___ Excerpted records ___

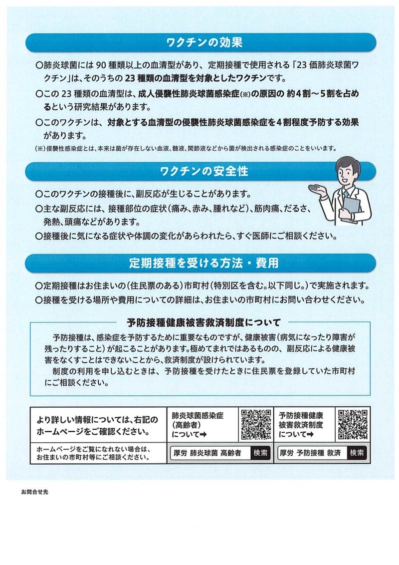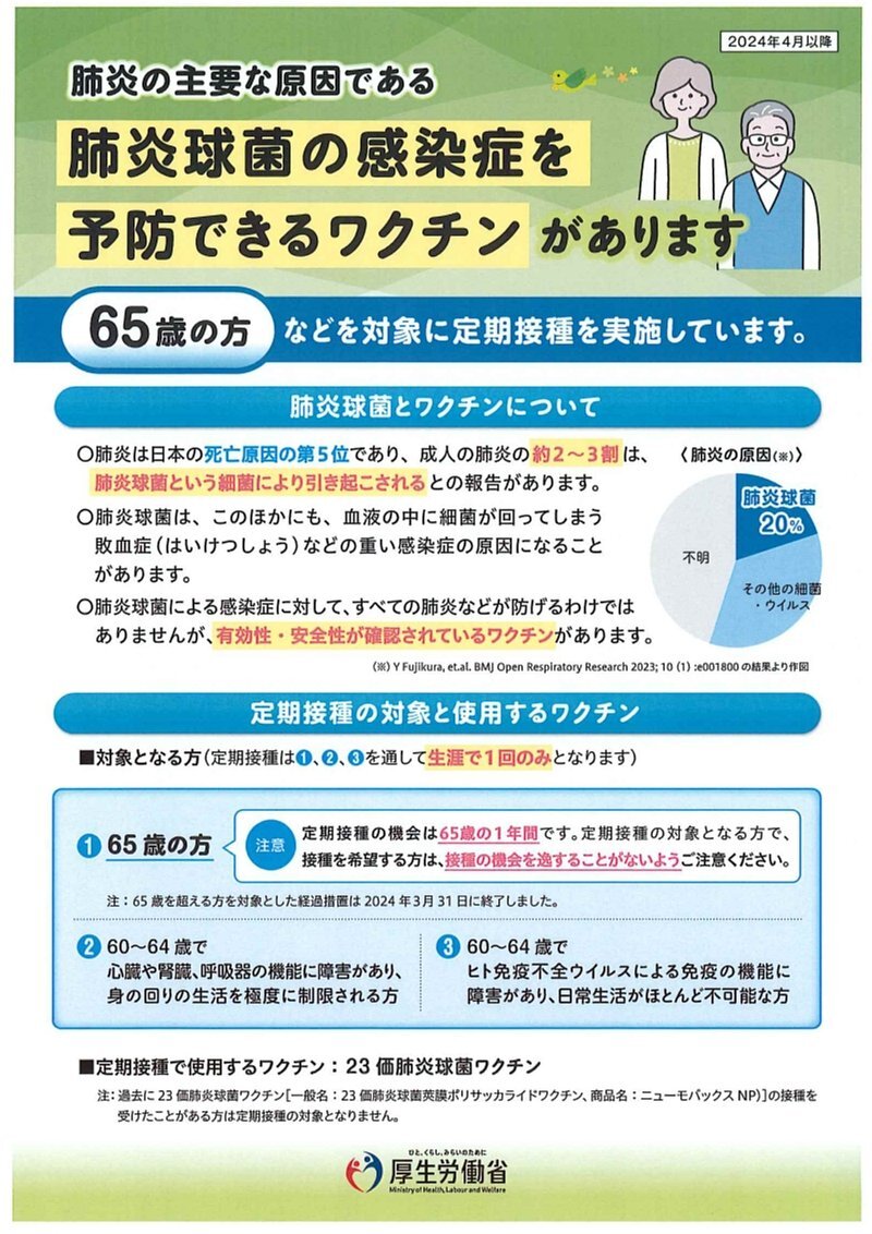 肺炎球菌ワクチンは生涯で1回のみとなり、定期接種の機会は65歳の1年間となりますので、接種の機会を逸することがないようにご注意ください。
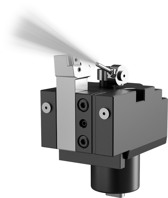 需要が高まる自動化・省人化で課題となるのがワークへの切粉巻き付きや切粉除去による機械停止。そこで、独自技術を応用し、複合旋盤での外径旋削加工時の切屑対策に最適なクーラント増圧ツールを開発した。
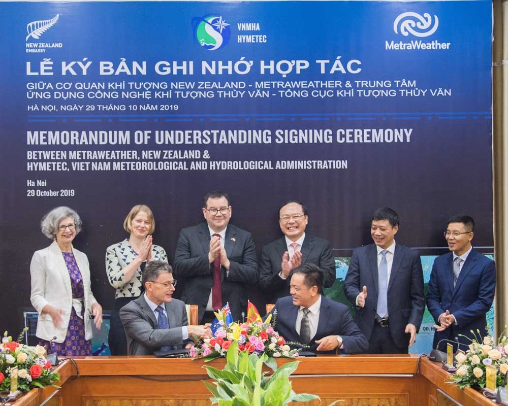 Ngày 29/10/2019, Tổng cục Khí tượng Thủy Văn Việt Nam đã ký biên bản ghi nhớ với Cơ quan Khí tượng Thuỷ văn New Zealand (MetraWeather). Theo bản ghi nhớ này, hai bên sẽ xây dựng và cung cấp các bản tin cảnh báo dự báo thời tiết trên nền bản đồ lên nền tảng đồ họa và các ứng dụng trực tuyến tại Việt Nam, đảm bảo cập nhật thông tin nhanh chóng và cảnh báo kịp thời. MetraWeather sẽ cung cấp các giải pháp công nghệ hàng đầu thế giới cho Tổng cục Khí tượng Thủy Văn Việt Nam, đồng thời đưa dữ liệu địa phương và tri thức chuyên gia để tạo ra các sản phẩm là các video clip dự báo thời tiết. Dự kiến các bản tin dạng số này sẽ được tạo dựng và phân phối tới các đài truyền hình địa phương ở Việt Nam. Hai bên sẽ cùng phối hợp để tạo ra các sản phẩm khí tượng thủy văn phục vụ các ngành kinh tế trọng điểm như: nông nghiệp, hàng hải và hàng không.
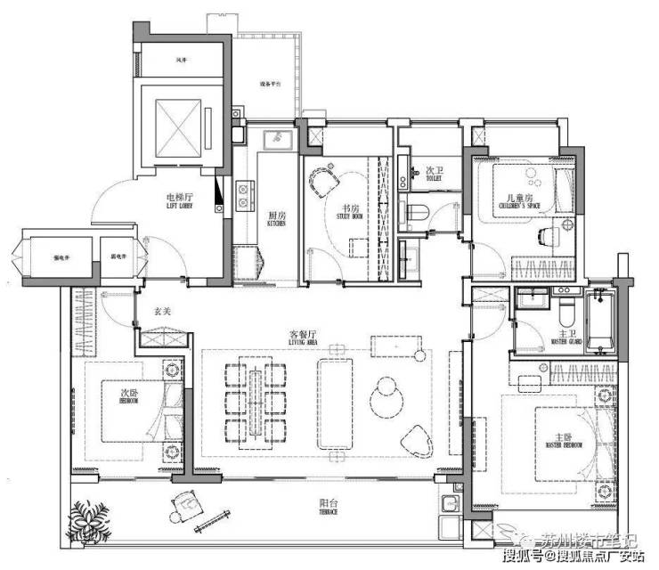 同级别4+1房设计,空间尺度和功能俱佳
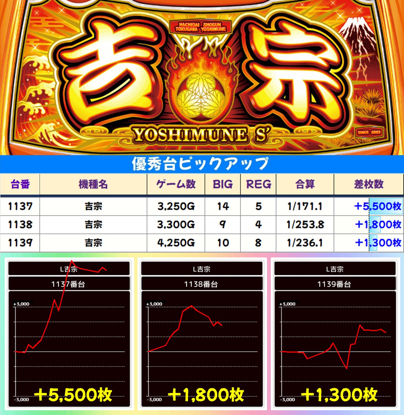 高配分:吉宗(3/4台+) 【平均+1,875枚】
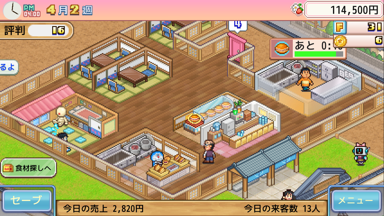 ドラえもん、のび太、いつもの仲間たちと力をあわせてお店を経営していきましょう。
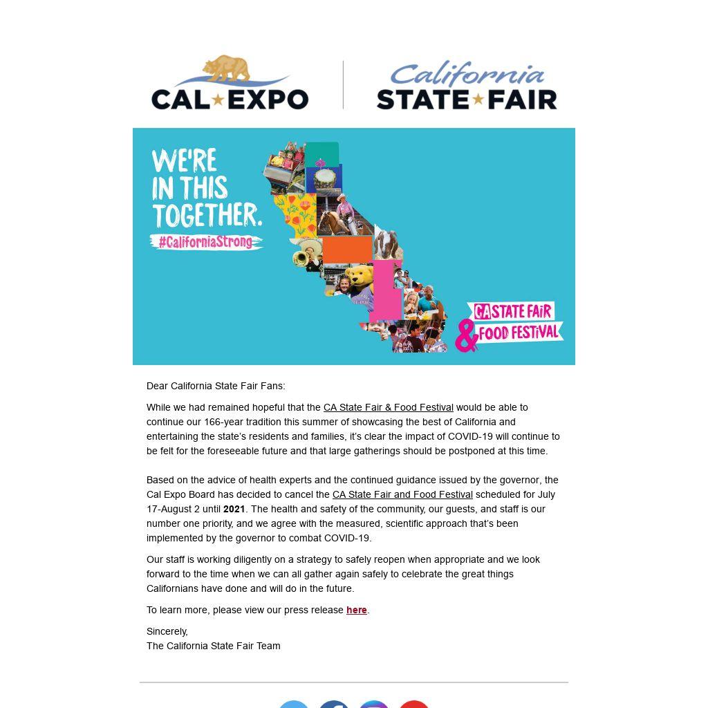 While we had remained hopeful that the CA State Fair & Food Festival would be able to continue our 166-year tradition this summer of showcasing the best of California and entertaining the state’s residents and families, it’s clear the impact of COVID-19 will continue to be felt for the foreseeable future and that large gatherings should be postponed at this time.
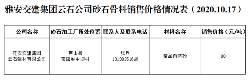 ÑŰ²½»½¨¼¯ˆF(tu¨¢n)ÔÆÊ¯¹«Ë¾É°Ê¯¹ÇÁÏäNÊÛƒr(ji¨¤)¸ñÇé›r±í£¨2020.10.17£©
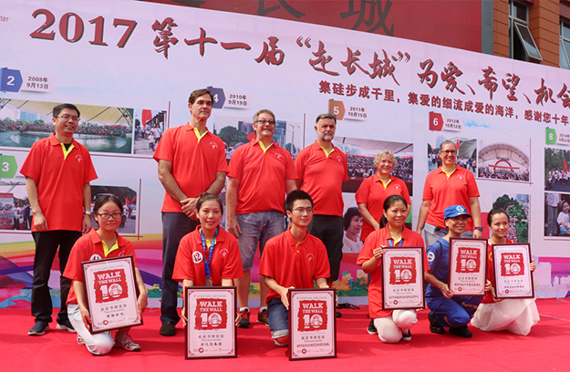 用腳步丈量愛心,用公益詮釋生命。活動結(jié)束后,愛心志愿者和其他愛心團隊成員、義工們彼此分享了行走過程中感人的故事和感悟。來自長沙彩虹的國際義工和晨光中心的孩子們?yōu)橹驹刚邆儙砹司臏?zhǔn)備的感恩答謝節(jié)目。閉幕式上,綠之韻集團董事總裁、綠之韻公益基金會理事長勞嘉為本次活動致辭:今年,是長沙彩虹“走長城”活動的第十一個年頭,綠之韻愛心志愿者已連續(xù)多年參加了此項公益活動。我們攜手與孩子們一起行走,以實際行動號召各界愛心人士、企業(yè)參與到公益慈善的行列,為孤殘兒童獻愛心。奉獻一份愛心,就能點燃一片希望。今后,綠之韻將一如既往地支持各項公益慈善事業(yè),用實際行動去詮釋愛,傳遞愛,分享愛。活動最后,國際義工們還為愛心團隊、綠之韻愛心志愿者團隊頒發(fā)了“走長城”證書。
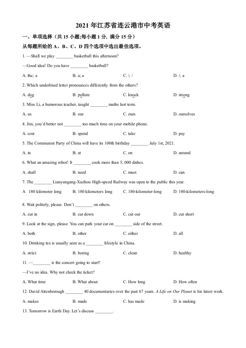 当前位置: 首页初中资源中考真题正文 江苏省连云港市2021年中考英语试题(空白卷)_共11页 中考真题 2 周前 0 0 10 以上为部分内容预览,如需源文档请登录您的会员账号进行下载! 声明:本站所有文章,如无特殊说明或标注,均为本站原创发布。任何个人或组织,在未征得本站同意时,禁止复制、盗用、采集、发布本站内容到任何网站、书籍等各类媒体平台。如若本站内容侵犯了原著者的合法权益,可联系我们进行处理。 尚学资源永久会员 打赏 收藏 海报 链接
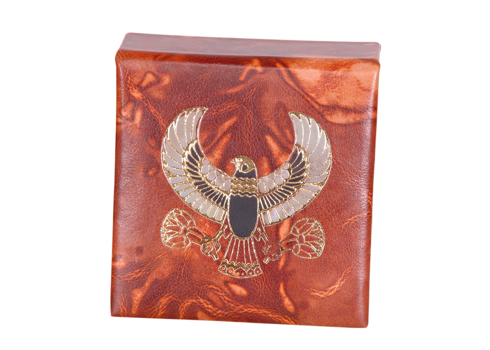 Sorry We donot Ship to Spain And Australia .... This is a fine Egyptian leather note pad that can be used on a desk, by the phone, in the kitchen for shopping lists etc. Tons of plain white paper to keep all those important notes. The cover of the note pad has an embossed image of falcon horus with pretty painted detail. The back of has the image of Queen Nefertiti.comes from smoke and pet free home
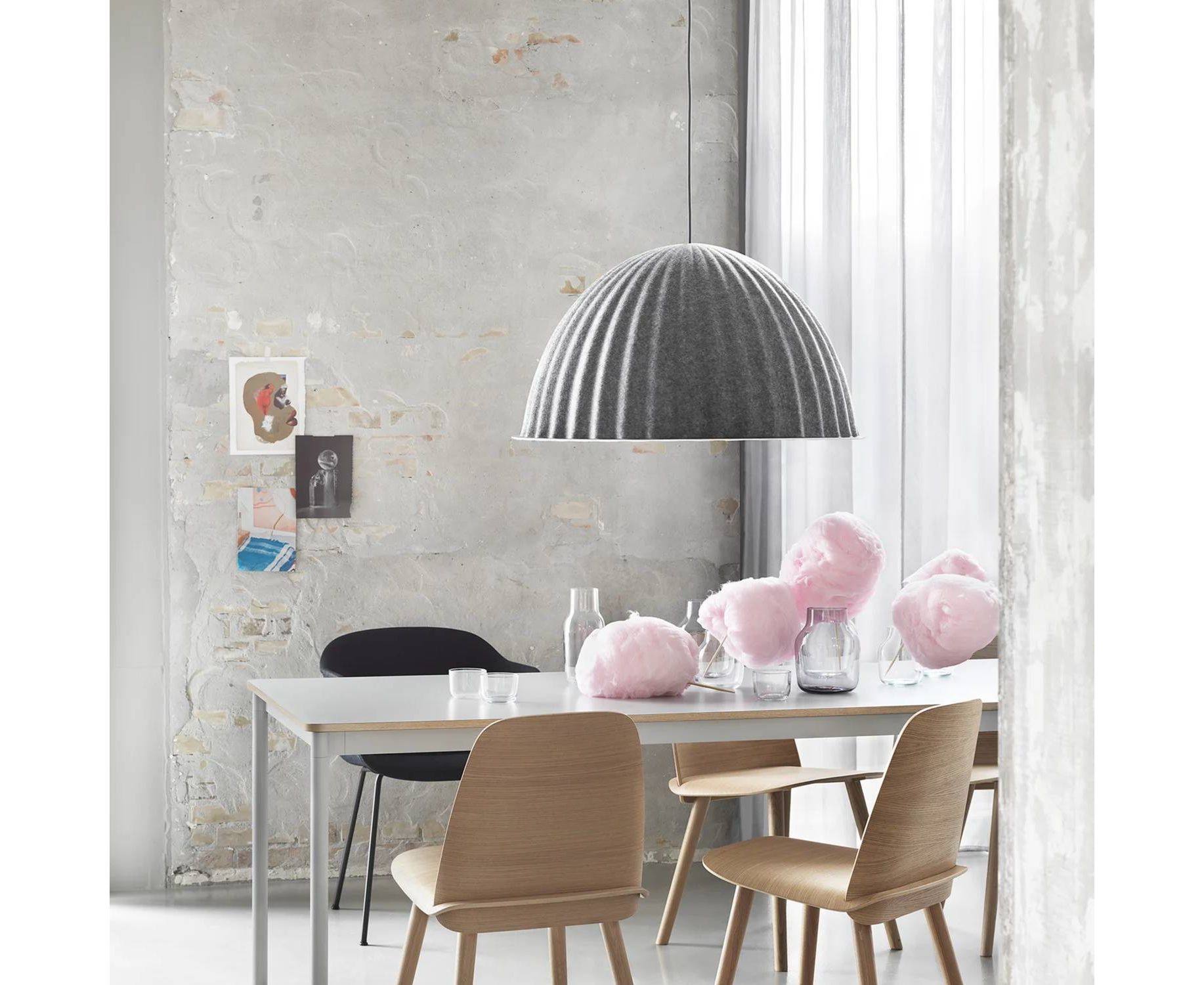 Подвесная лампа Under, изготовленная из материала, в котором используется до 60 % переработанных пластиковых волокон, не только придает любому пространству тактильное и современное выражение, но и улучшает акустику помещения благодаря мягкому оттенку в сочетании с графическими линиями и тонкой цветовой палитрой.
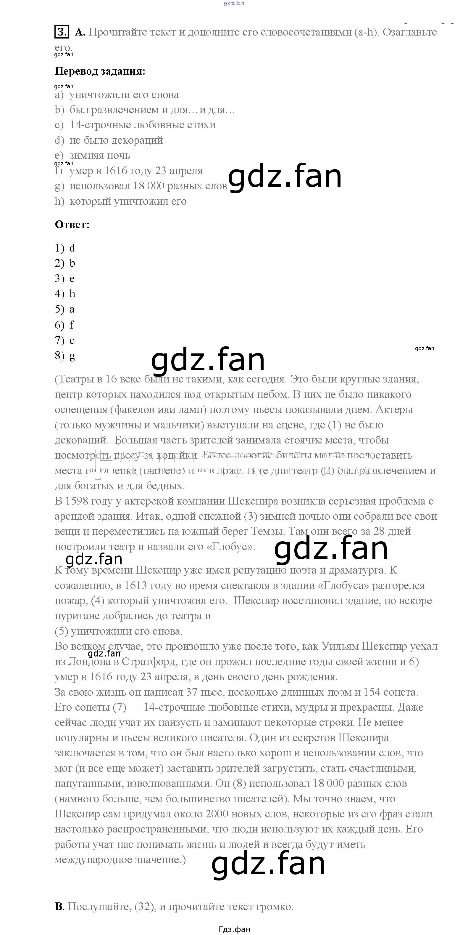 Проверка домашнего задания всегда занимает большое количество времени. На помощь приходит ГДЗ фан по Английскому языку восьмого класса. Здесь собраны популярные ответы на 3 (стр. 73) Английский язык 8 класс Rainbow English Афанасьева О.В.

___

■ Work order
Find the line that contains "当前位置: 首页初中资源中考真题正文 江苏省连云港市2021年中考英语试题(空白卷)_共11页", then write out that line and each one after it, exactly and with nothing else, through the end of the entries above, without the pictures.

■ Exercise answer
 当前位置: 首页初中资源中考真题正文 江苏省连云港市2021年中考英语试题(空白卷)_共11页 中考真题 2 周前 0 0 10 以上为部分内容预览,如需源文档请登录您的会员账号进行下载! 声明:本站所有文章,如无特殊说明或标注,均为本站原创发布。任何个人或组织,在未征得本站同意时,禁止复制、盗用、采集、发布本站内容到任何网站、书籍等各类媒体平台。如若本站内容侵犯了原著者的合法权益,可联系我们进行处理。 尚学资源永久会员 打赏 收藏 海报 链接
 Sorry We donot Ship to Spain And Australia .... This is a fine Egyptian leather note pad that can be used on a desk, by the phone, in the kitchen for shopping lists etc. Tons of plain white paper to keep all those important notes. The cover of the note pad has an embossed image of falcon horus with pretty painted detail. The back of has the image of Queen Nefertiti.comes from smoke and pet free home
 Подвесная лампа Under, изготовленная из материала, в котором используется до 60 % переработанных пластиковых волокон, не только придает любому пространству тактильное и современное выражение, но и улучшает акустику помещения благодаря мягкому оттенку в сочетании с графическими линиями и тонкой цветовой палитрой.
 Проверка домашнего задания всегда занимает большое количество времени. На помощь приходит ГДЗ фан по Английскому языку восьмого класса. Здесь собраны популярные ответы на 3 (стр. 73) Английский язык 8 класс Rainbow English Афанасьева О.В.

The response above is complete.